The Why and How of the Witches of Escasú By Dionisio Cabal Antillon

The iconic figure of the witch, wearing a hat and a pair of shoes, which on the broomside cuts the night air of Escasu, is one of the graphic stylizations that have been made of European witches, very old but widely disseminated in The Western world from the publication of traditional folk tales compiled from the late eighteenth century and throughout the nineteenth century by different writers (Anderson, Grim, Perrault and others). The profile of this witch begins to associate with the tradition of the witches escasuseñas, belatedly, that is, in the fourth decade of century XX.
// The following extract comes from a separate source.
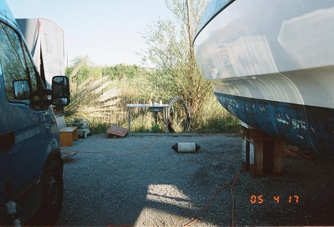 Das Unterwasserschiff wird angeschliffen und neu gestrichen. Ruder und Heck bekommen schon den lange ersehnten und sehr zeitintensiven CopperCoat Unterwasserschutz, dieser ist ökologischer und langlebiger.
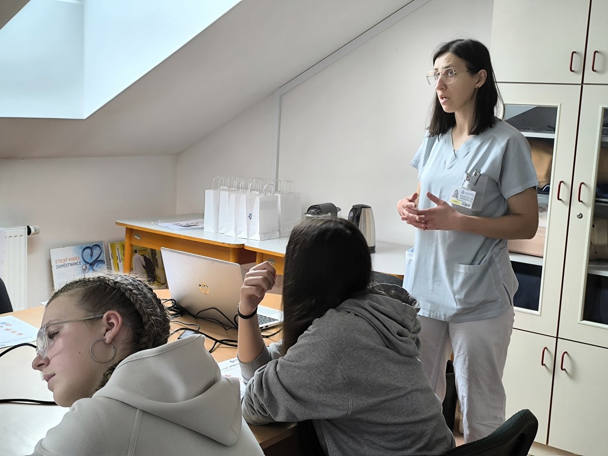 Právě o nich v závěru exkurze povídala žákům lékařka z neurologického oddělení Inna Paťchová: „Nejjednodušší a nejvíce používané schéma pro vyšetření mrtvice je tak zvaný FAST: Face (obličej), Arm (ruka), Speech (mluva) a Time (čas). Když má člověk pokleslý koutek, má poruchu hybnosti poloviny těla nebo jenom jedné končetiny, začíná špatně mluvit, nedokáže se vyjádřit, má setřelou řeč nebo má náhle vzniklé motání hlavy s poruchou rovnováhy, případně padá, má dvojité vidění, rozostření zraku, tak to znamená, že se v mozku něco děje a je čas volat záchranku. I když tyto příznaky trvají pouze několik minut a pak kompletně odezní, stejně je nutné zavolat záchranku, protože se může jednat o tranzitorní ischemickou ataku – přechodnou krátkodobou mrtvici, která může být předzvěstí velké mozkové příhody s trvalými následky.“

Long before this fact, the origin of the presence of the “witches and witches” in Escasú (name of huetar ancestor) goes back to beyond colonial times. Our region was inhabited by aborigines particularly experienced in the knowledge of plants and their medicinal applications. The popular medical recipe that we still have escasuseños and meseteños in general is a compendium, often mixed of the recipes of aboriginal and Spanish grandmothers based on the wise application of poultices, drinking and ingestion of certain natural products. It is well known that the colonizers called the aboriginal physician-priests, the shamans, “witches”, an expression still common in most people to refer to them (“a witch doctor of Boruca cured me”). Our popular tradition affirms that the Aboriginal family that originally inhabited Escasu had a broad domain of natural medicine that is still alive today.

But in order to put things in a better context, a key fact must be added. Today we have a cut out view of the historical Escasu. We assume that the whole history called “escasuseña” is what happened in the present 34 square kilometers of the canton. In fact, the Escasu, spoken by many historical documents (the Escasu Party, created in 1848) extended from the present boundaries to beyond the present Puriscal canton, to the Pacific. (The first district to split was Puriscal on August 7, 1868, followed by Mora on May 25, 1883, and finally Santa Ana on August 29, 1907). The huetares of Quitirrisí, Piedras Negras, Cerro Nene, and other nearby places are from that mestizo cultural historical perspective “escasuseños”. A testimony of this reality is that the mountainous mass that extends to the edges of the canton of Puriscal continues to be called “Cerros de Escasu”.

Perhaps this distinction of being a “witch village” is shared for the same reasons with the Paradise of Carthage, that community also founds the origin of its witchers in the aboriginal identity, also decided, in the near twentieth century use the same symbol Profile of the European witch that we use today the Escasuseños.

* Note to the reader: For historical reasons the author of this note always writes Escasú with that and not with zeta.